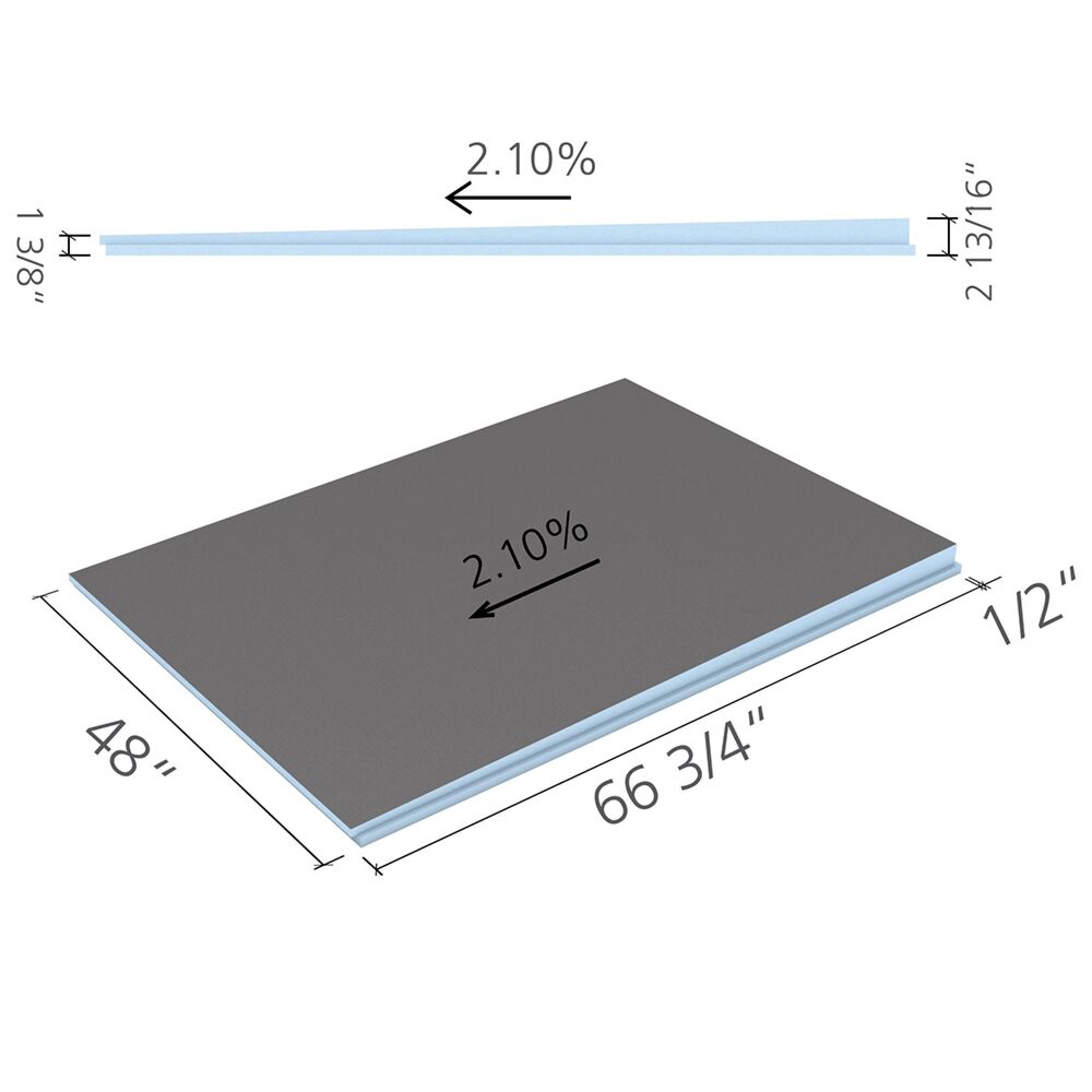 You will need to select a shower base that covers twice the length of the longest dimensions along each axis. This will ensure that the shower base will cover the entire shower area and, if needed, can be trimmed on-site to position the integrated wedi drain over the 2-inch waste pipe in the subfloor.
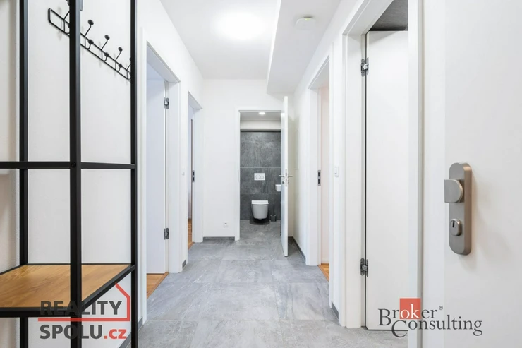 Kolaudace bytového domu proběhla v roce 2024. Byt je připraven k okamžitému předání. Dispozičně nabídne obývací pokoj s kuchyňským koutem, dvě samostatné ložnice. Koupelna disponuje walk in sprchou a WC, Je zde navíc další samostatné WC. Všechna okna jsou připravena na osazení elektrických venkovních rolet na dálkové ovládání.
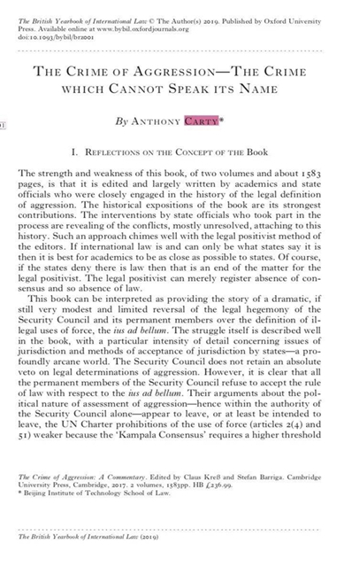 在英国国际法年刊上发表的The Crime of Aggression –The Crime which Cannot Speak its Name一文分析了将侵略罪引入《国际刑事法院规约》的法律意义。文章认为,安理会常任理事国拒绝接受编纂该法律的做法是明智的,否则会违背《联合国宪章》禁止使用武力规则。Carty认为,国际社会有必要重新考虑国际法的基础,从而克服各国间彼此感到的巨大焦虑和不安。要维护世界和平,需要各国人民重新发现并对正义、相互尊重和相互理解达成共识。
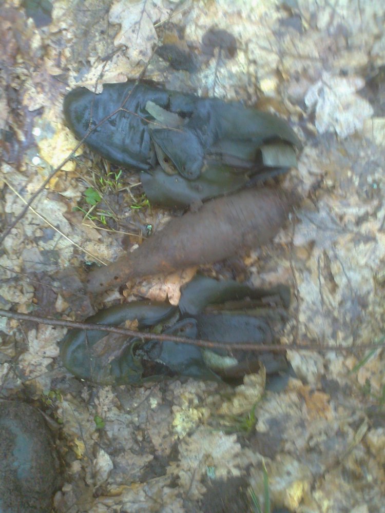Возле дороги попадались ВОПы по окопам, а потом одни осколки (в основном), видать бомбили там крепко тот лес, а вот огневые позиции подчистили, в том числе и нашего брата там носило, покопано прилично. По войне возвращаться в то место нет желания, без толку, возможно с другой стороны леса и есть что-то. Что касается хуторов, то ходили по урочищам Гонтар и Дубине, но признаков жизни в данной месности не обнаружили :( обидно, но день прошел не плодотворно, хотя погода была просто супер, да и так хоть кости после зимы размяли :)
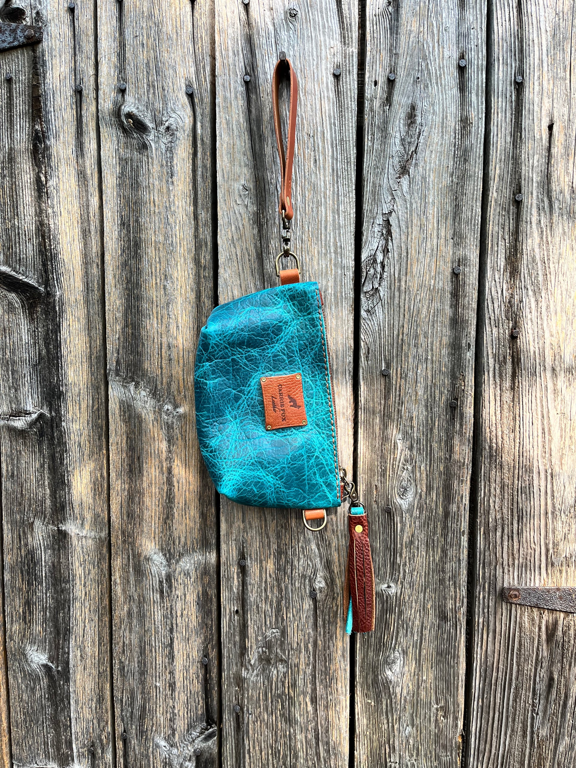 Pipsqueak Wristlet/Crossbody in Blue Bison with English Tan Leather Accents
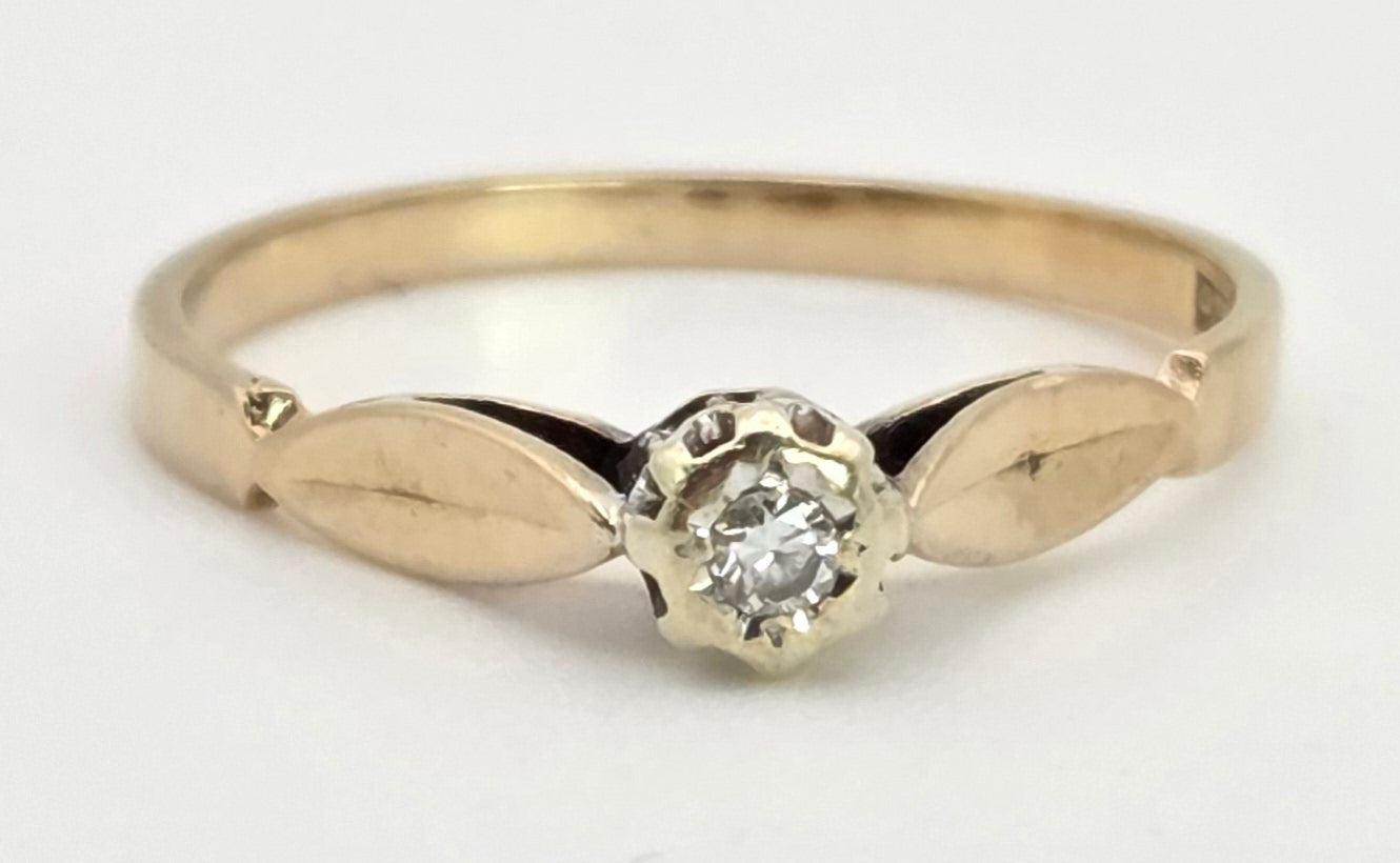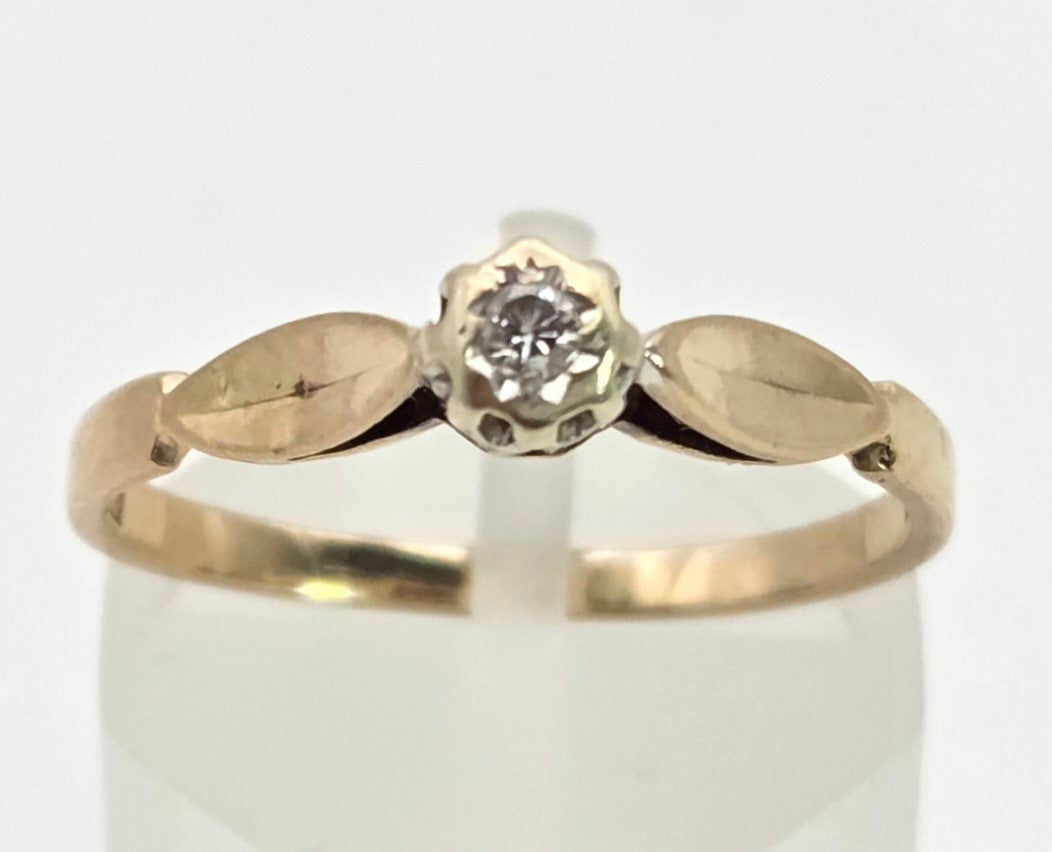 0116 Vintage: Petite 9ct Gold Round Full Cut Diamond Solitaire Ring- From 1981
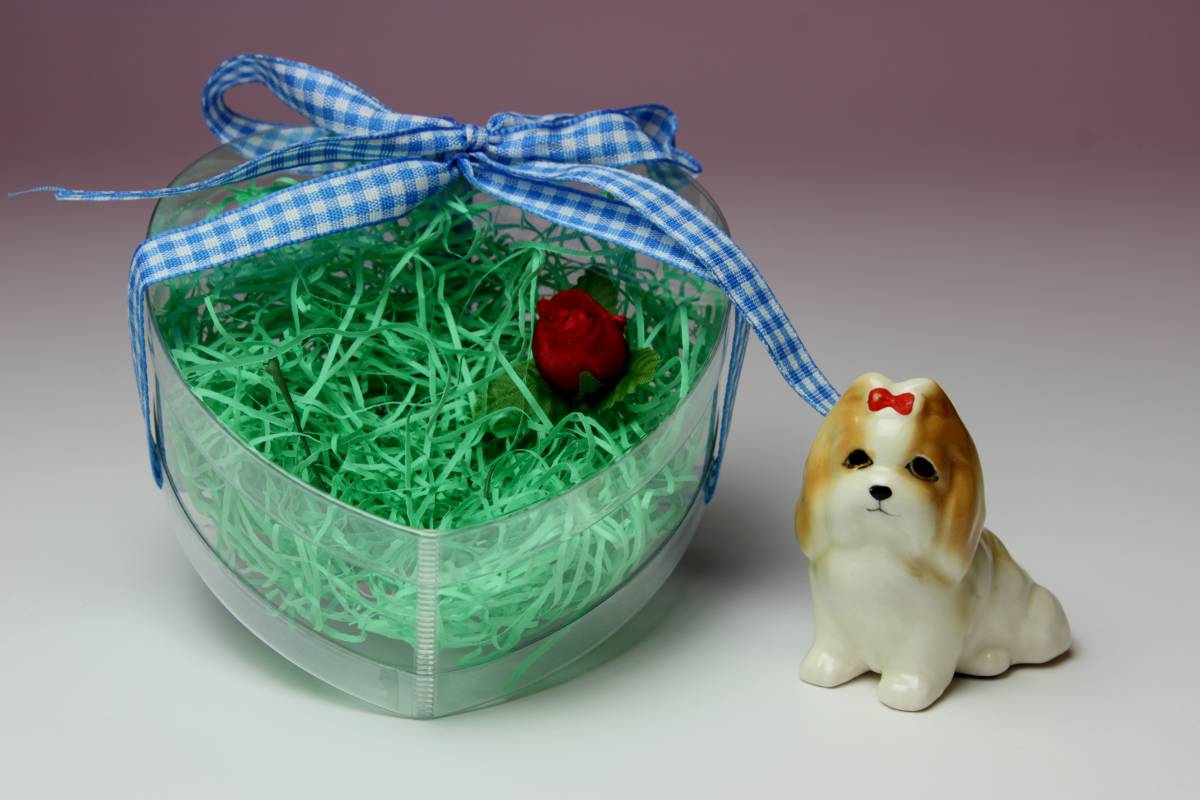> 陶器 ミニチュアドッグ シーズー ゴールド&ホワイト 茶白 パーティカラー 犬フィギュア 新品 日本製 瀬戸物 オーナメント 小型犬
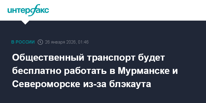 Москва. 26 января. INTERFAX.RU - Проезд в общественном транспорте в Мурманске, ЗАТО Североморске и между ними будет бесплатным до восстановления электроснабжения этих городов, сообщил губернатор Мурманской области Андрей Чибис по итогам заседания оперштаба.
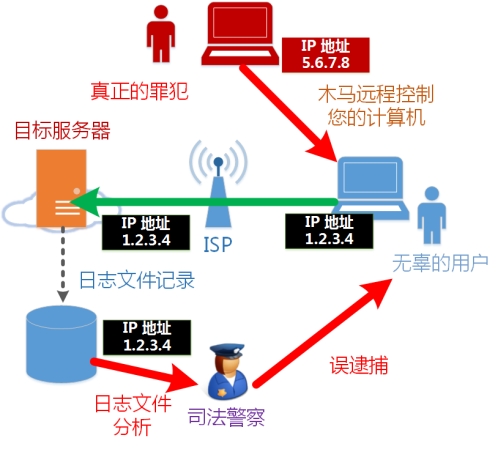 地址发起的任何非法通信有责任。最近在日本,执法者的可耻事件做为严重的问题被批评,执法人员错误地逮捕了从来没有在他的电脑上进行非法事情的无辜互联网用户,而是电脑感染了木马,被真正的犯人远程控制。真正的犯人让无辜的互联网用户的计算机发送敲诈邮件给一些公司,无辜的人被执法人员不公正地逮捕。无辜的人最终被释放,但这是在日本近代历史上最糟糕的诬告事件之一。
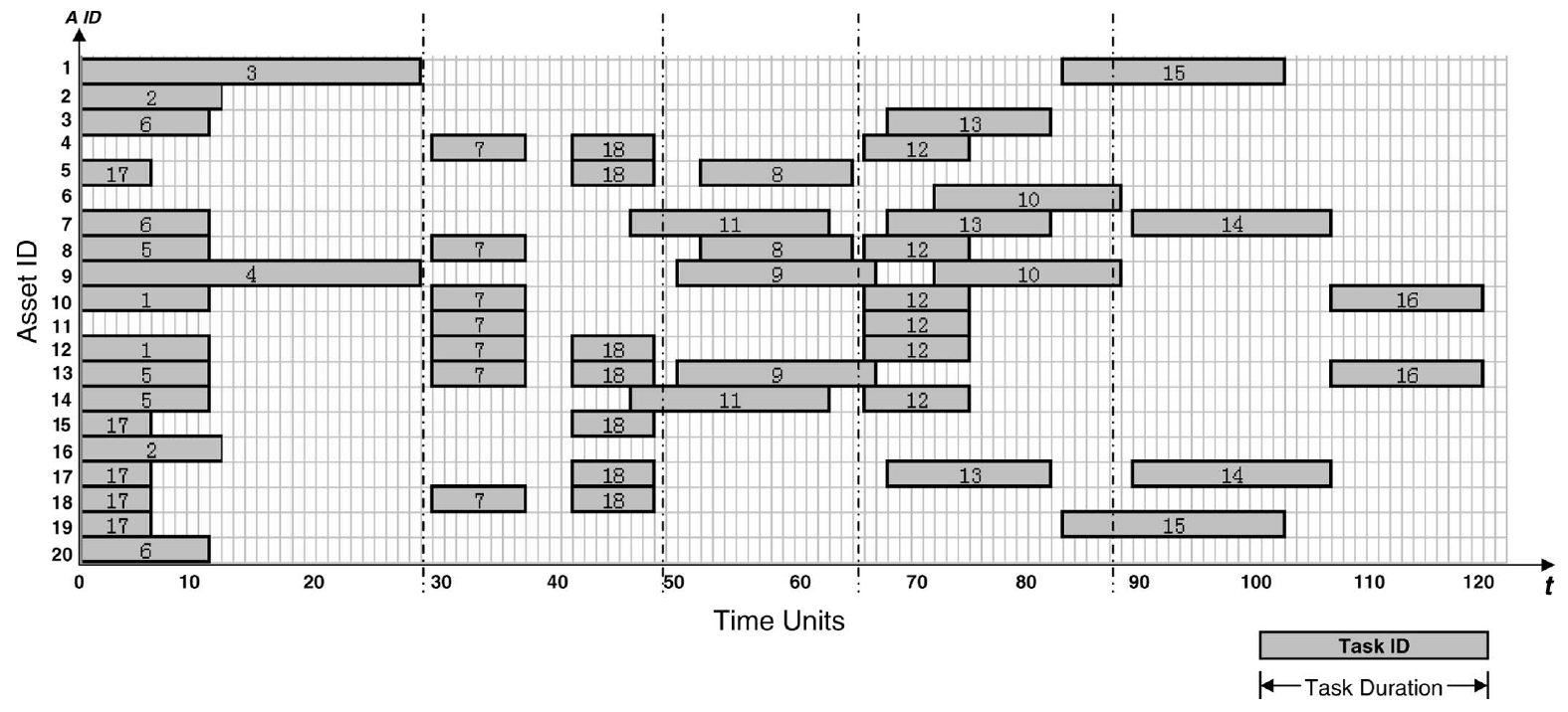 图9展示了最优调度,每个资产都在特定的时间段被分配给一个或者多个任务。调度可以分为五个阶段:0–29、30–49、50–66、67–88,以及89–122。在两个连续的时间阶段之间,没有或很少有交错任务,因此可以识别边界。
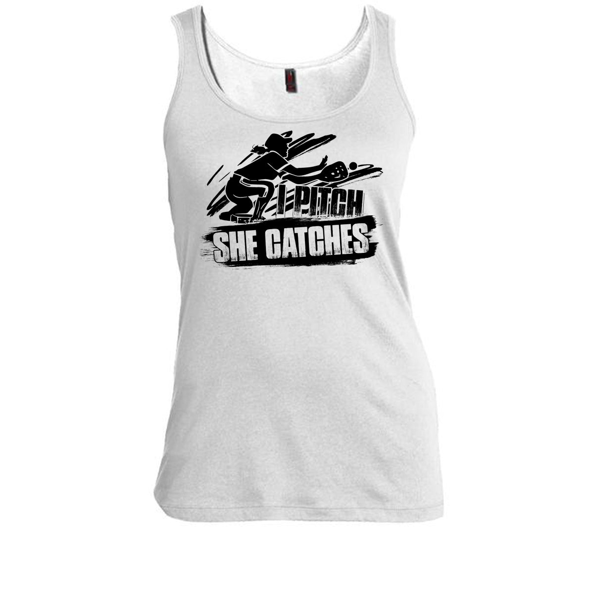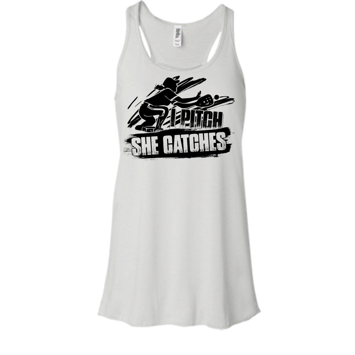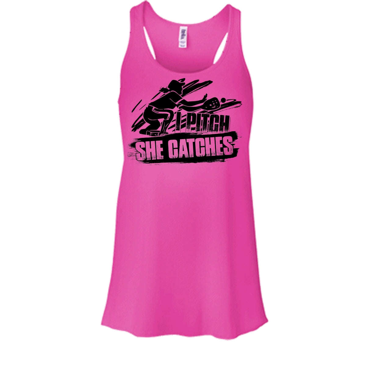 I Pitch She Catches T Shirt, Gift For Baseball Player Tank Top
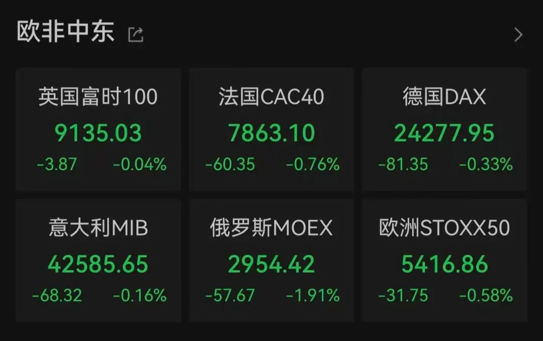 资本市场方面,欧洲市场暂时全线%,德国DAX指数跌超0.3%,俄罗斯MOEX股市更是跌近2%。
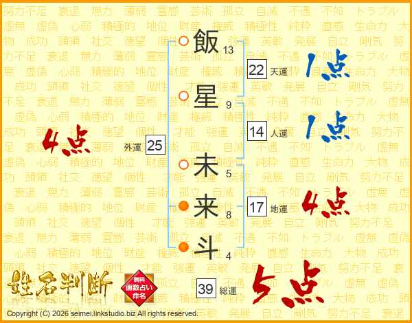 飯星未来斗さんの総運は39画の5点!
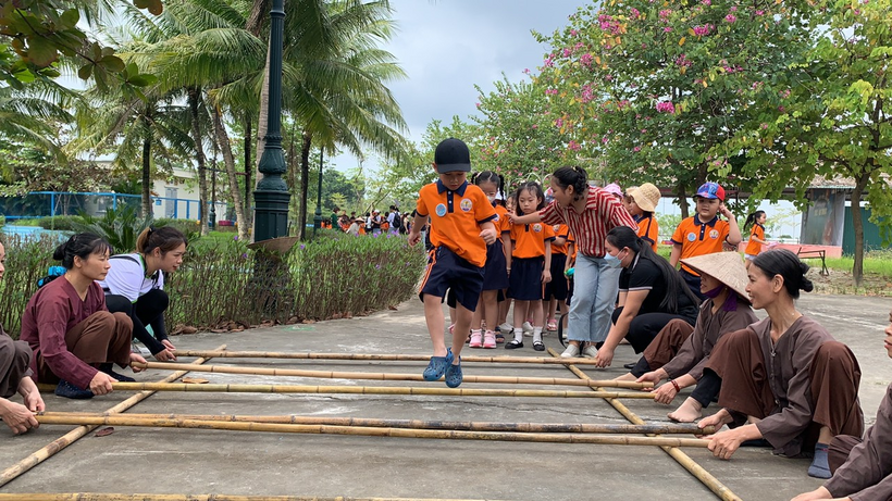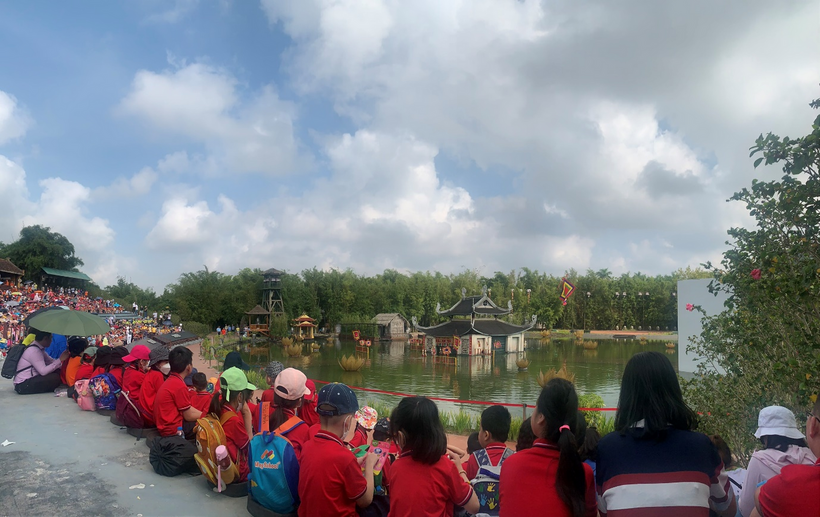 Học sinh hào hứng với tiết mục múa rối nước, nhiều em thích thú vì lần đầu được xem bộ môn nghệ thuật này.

» **WORK ORDER**
Leaving every picture aside, repeat the listing exactly.

» **WRITTEN ANSWER**
 You will need to select a shower base that covers twice the length of the longest dimensions along each axis. This will ensure that the shower base will cover the entire shower area and, if needed, can be trimmed on-site to position the integrated wedi drain over the 2-inch waste pipe in the subfloor.
 Kolaudace bytového domu proběhla v roce 2024. Byt je připraven k okamžitému předání. Dispozičně nabídne obývací pokoj s kuchyňským koutem, dvě samostatné ložnice. Koupelna disponuje walk in sprchou a WC, Je zde navíc další samostatné WC. Všechna okna jsou připravena na osazení elektrických venkovních rolet na dálkové ovládání.
 在英国国际法年刊上发表的The Crime of Aggression –The Crime which Cannot Speak its Name一文分析了将侵略罪引入《国际刑事法院规约》的法律意义。文章认为,安理会常任理事国拒绝接受编纂该法律的做法是明智的,否则会违背《联合国宪章》禁止使用武力规则。Carty认为,国际社会有必要重新考虑国际法的基础,从而克服各国间彼此感到的巨大焦虑和不安。要维护世界和平,需要各国人民重新发现并对正义、相互尊重和相互理解达成共识。
Возле дороги попадались ВОПы по окопам, а потом одни осколки (в основном), видать бомбили там крепко тот лес, а вот огневые позиции подчистили, в том числе и нашего брата там носило, покопано прилично. По войне возвращаться в то место нет желания, без толку, возможно с другой стороны леса и есть что-то. Что касается хуторов, то ходили по урочищам Гонтар и Дубине, но признаков жизни в данной месности не обнаружили :( обидно, но день прошел не плодотворно, хотя погода была просто супер, да и так хоть кости после зимы размяли :)
 Pipsqueak Wristlet/Crossbody in Blue Bison with English Tan Leather Accents
 0116 Vintage: Petite 9ct Gold Round Full Cut Diamond Solitaire Ring- From 1981
> 陶器 ミニチュアドッグ シーズー ゴールド&ホワイト 茶白 パーティカラー 犬フィギュア 新品 日本製 瀬戸物 オーナメント 小型犬
 Москва. 26 января. INTERFAX.RU - Проезд в общественном транспорте в Мурманске, ЗАТО Североморске и между ними будет бесплатным до восстановления электроснабжения этих городов, сообщил губернатор Мурманской области Андрей Чибис по итогам заседания оперштаба.
 地址发起的任何非法通信有责任。最近在日本,执法者的可耻事件做为严重的问题被批评,执法人员错误地逮捕了从来没有在他的电脑上进行非法事情的无辜互联网用户,而是电脑感染了木马,被真正的犯人远程控制。真正的犯人让无辜的互联网用户的计算机发送敲诈邮件给一些公司,无辜的人被执法人员不公正地逮捕。无辜的人最终被释放,但这是在日本近代历史上最糟糕的诬告事件之一。
 图9展示了最优调度,每个资产都在特定的时间段被分配给一个或者多个任务。调度可以分为五个阶段:0–29、30–49、50–66、67–88,以及89–122。在两个连续的时间阶段之间,没有或很少有交错任务,因此可以识别边界。
 I Pitch She Catches T Shirt, Gift For Baseball Player Tank Top
 资本市场方面,欧洲市场暂时全线%,德国DAX指数跌超0.3%,俄罗斯MOEX股市更是跌近2%。
 飯星未来斗さんの総運は39画の5点!
 Học sinh hào hứng với tiết mục múa rối nước, nhiều em thích thú vì lần đầu được xem bộ môn nghệ thuật này.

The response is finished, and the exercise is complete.